* Your task *
Make an exact copy of the entries below with the pictures removed.

(Collected data)
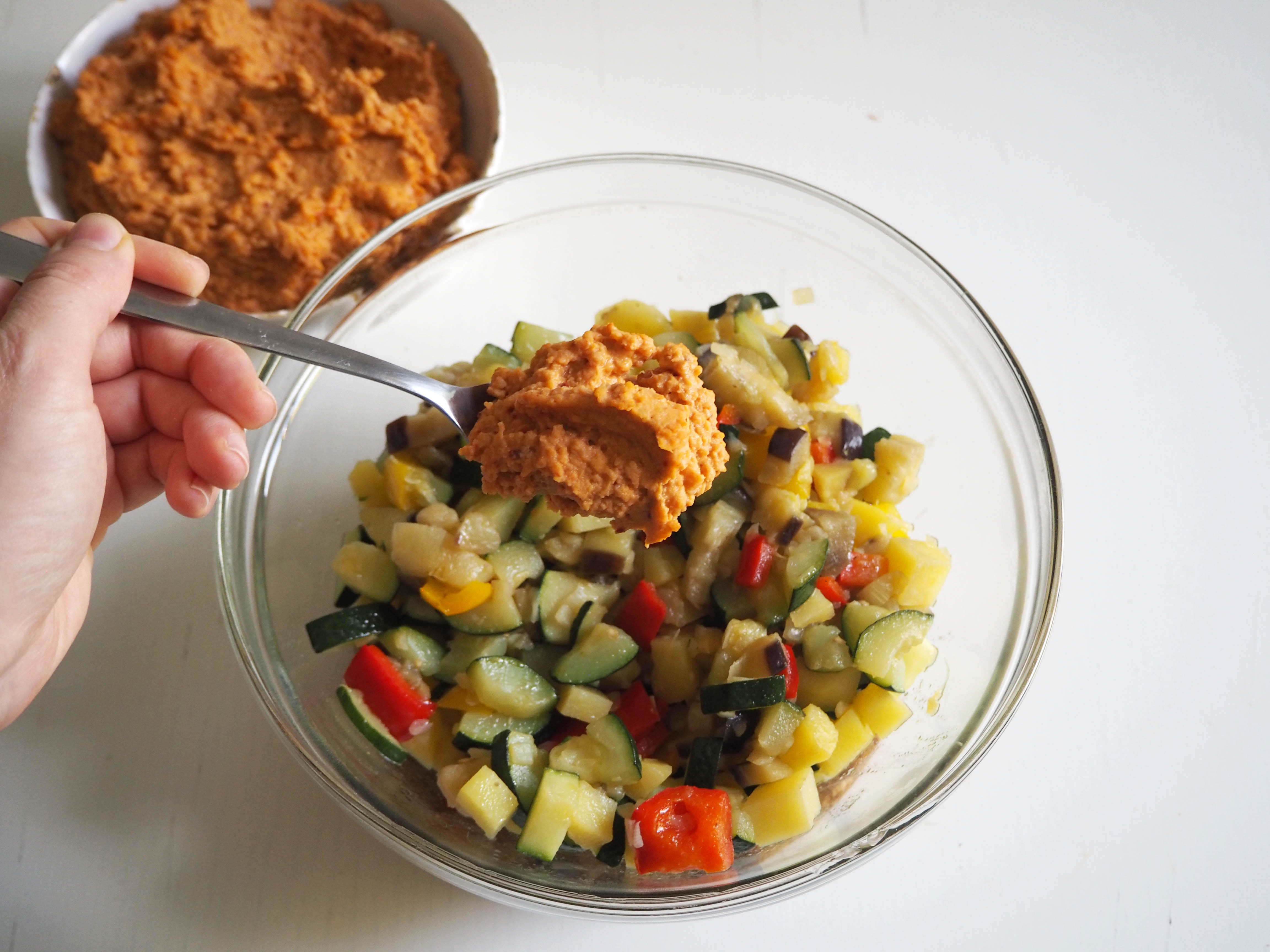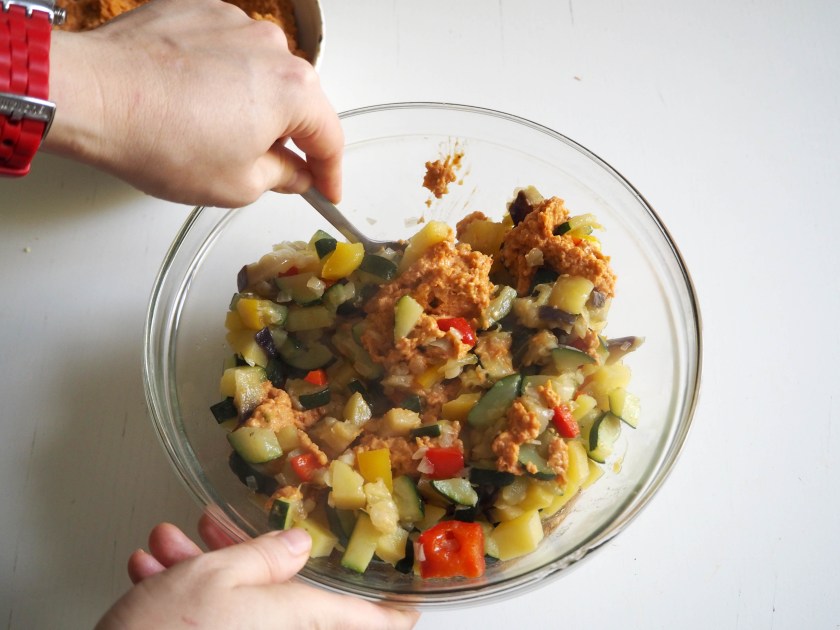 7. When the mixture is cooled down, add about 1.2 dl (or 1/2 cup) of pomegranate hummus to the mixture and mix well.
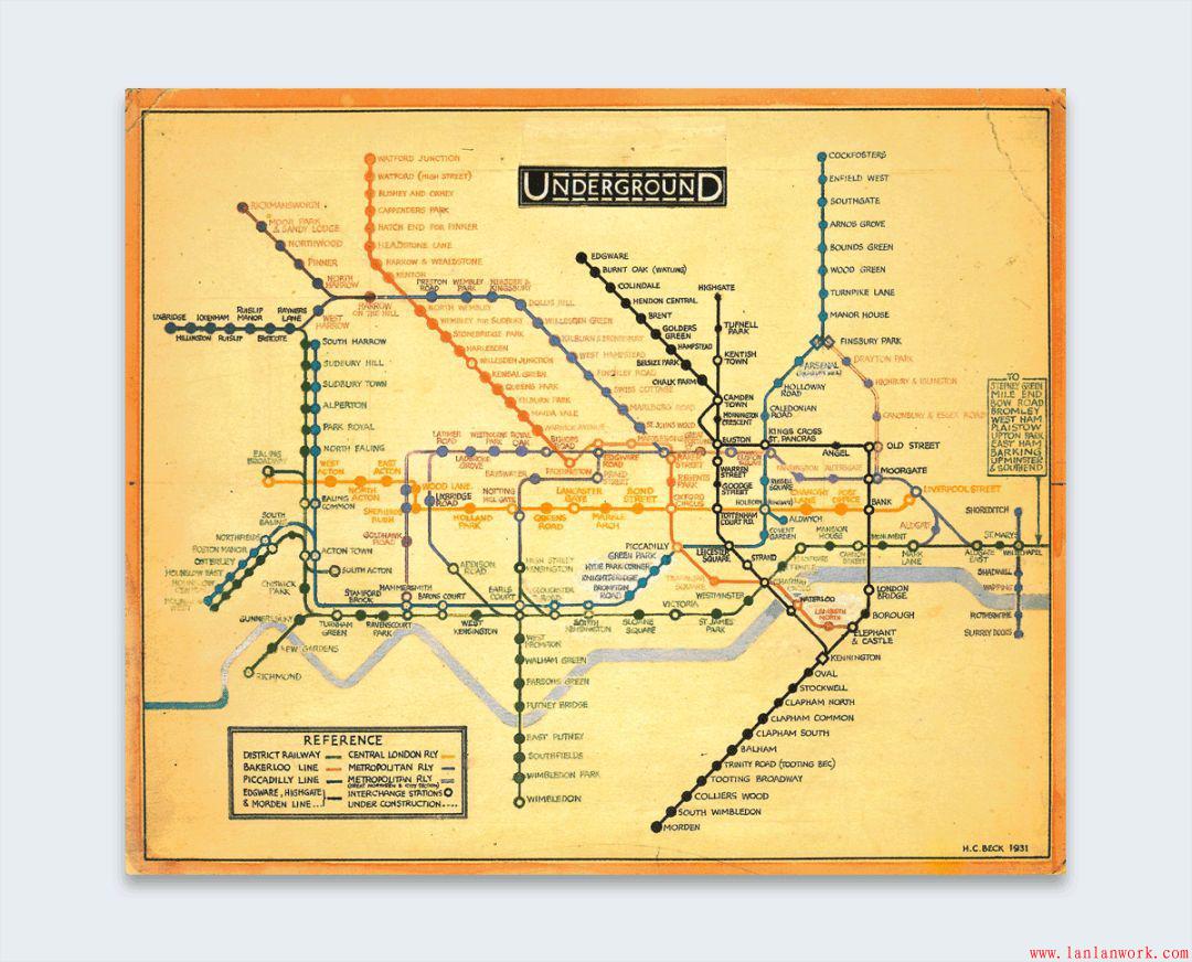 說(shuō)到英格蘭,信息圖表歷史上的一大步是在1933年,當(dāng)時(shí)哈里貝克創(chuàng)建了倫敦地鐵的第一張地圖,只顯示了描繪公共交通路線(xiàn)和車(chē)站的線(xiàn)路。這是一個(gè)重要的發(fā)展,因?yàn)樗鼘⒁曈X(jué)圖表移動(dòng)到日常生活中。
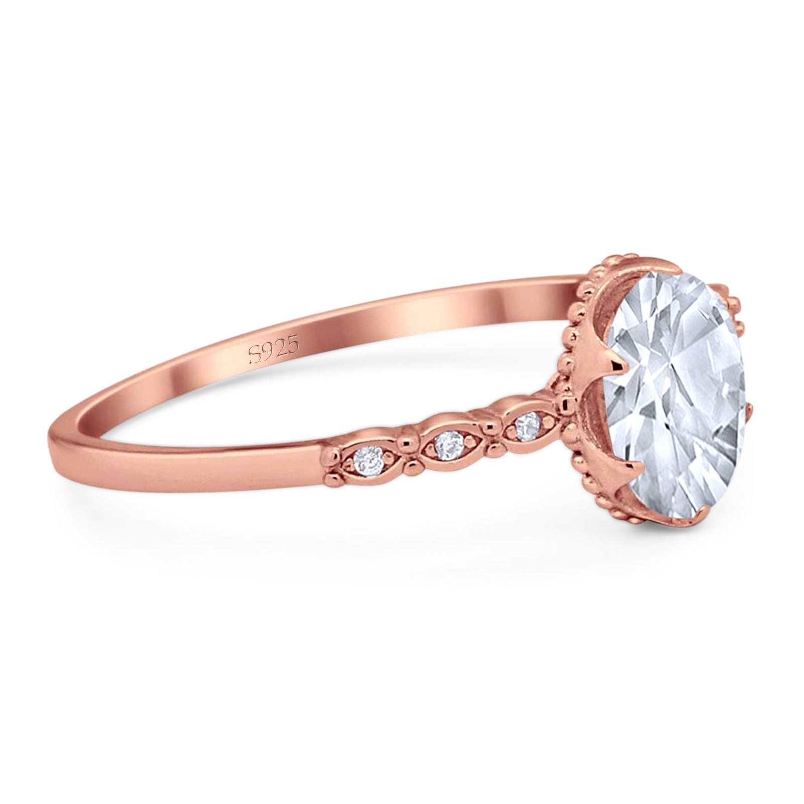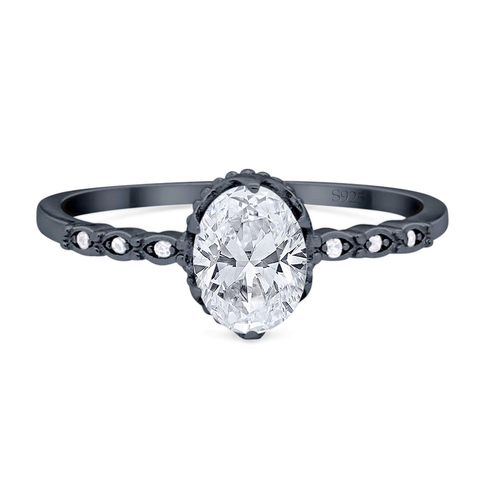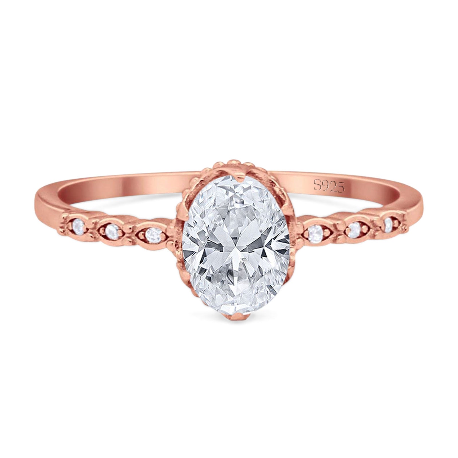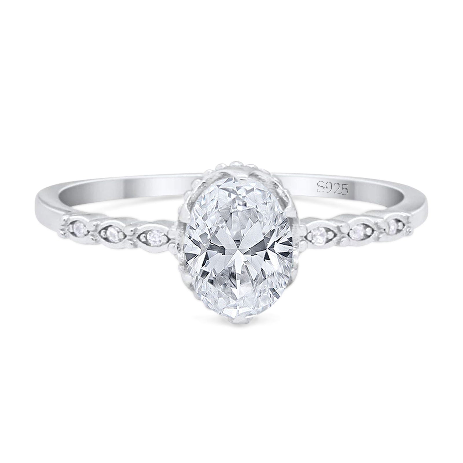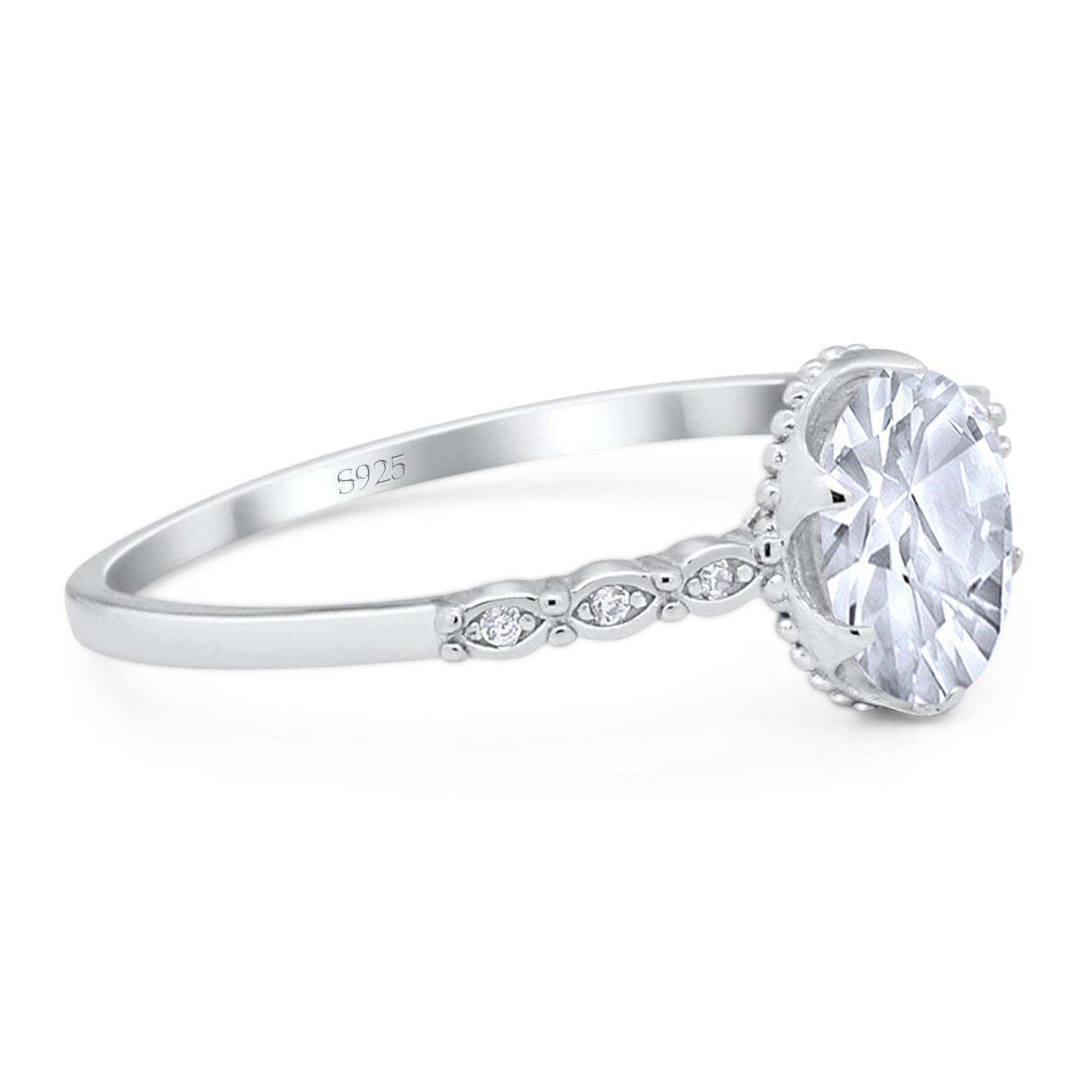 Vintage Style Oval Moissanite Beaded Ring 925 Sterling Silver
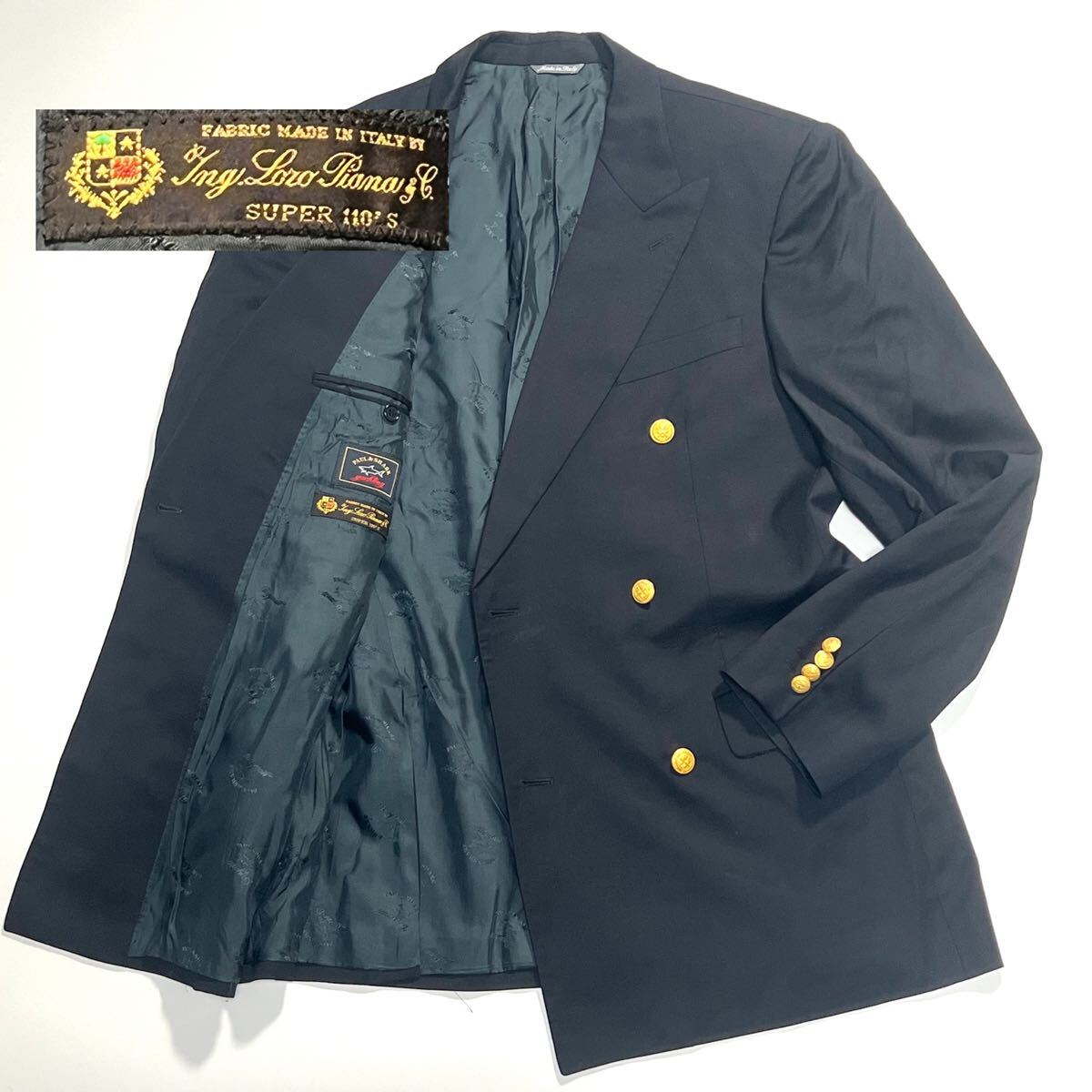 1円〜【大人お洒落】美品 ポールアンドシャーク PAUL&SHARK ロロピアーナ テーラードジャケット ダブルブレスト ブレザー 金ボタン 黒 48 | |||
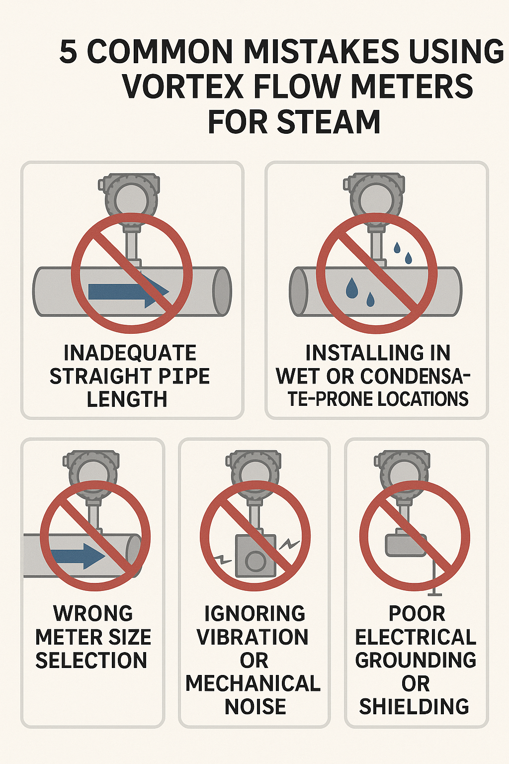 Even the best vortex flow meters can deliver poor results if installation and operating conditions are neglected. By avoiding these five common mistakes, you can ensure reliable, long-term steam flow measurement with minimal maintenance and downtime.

* Response for this exercise *
 7. When the mixture is cooled down, add about 1.2 dl (or 1/2 cup) of pomegranate hummus to the mixture and mix well.
 說(shuō)到英格蘭,信息圖表歷史上的一大步是在1933年,當(dāng)時(shí)哈里貝克創(chuàng)建了倫敦地鐵的第一張地圖,只顯示了描繪公共交通路線(xiàn)和車(chē)站的線(xiàn)路。這是一個(gè)重要的發(fā)展,因?yàn)樗鼘⒁曈X(jué)圖表移動(dòng)到日常生活中。
 Vintage Style Oval Moissanite Beaded Ring 925 Sterling Silver
 1円〜【大人お洒落】美品 ポールアンドシャーク PAUL&SHARK ロロピアーナ テーラードジャケット ダブルブレスト ブレザー 金ボタン 黒 48 | |||
 Even the best vortex flow meters can deliver poor results if installation and operating conditions are neglected. By avoiding these five common mistakes, you can ensure reliable, long-term steam flow measurement with minimal maintenance and downtime.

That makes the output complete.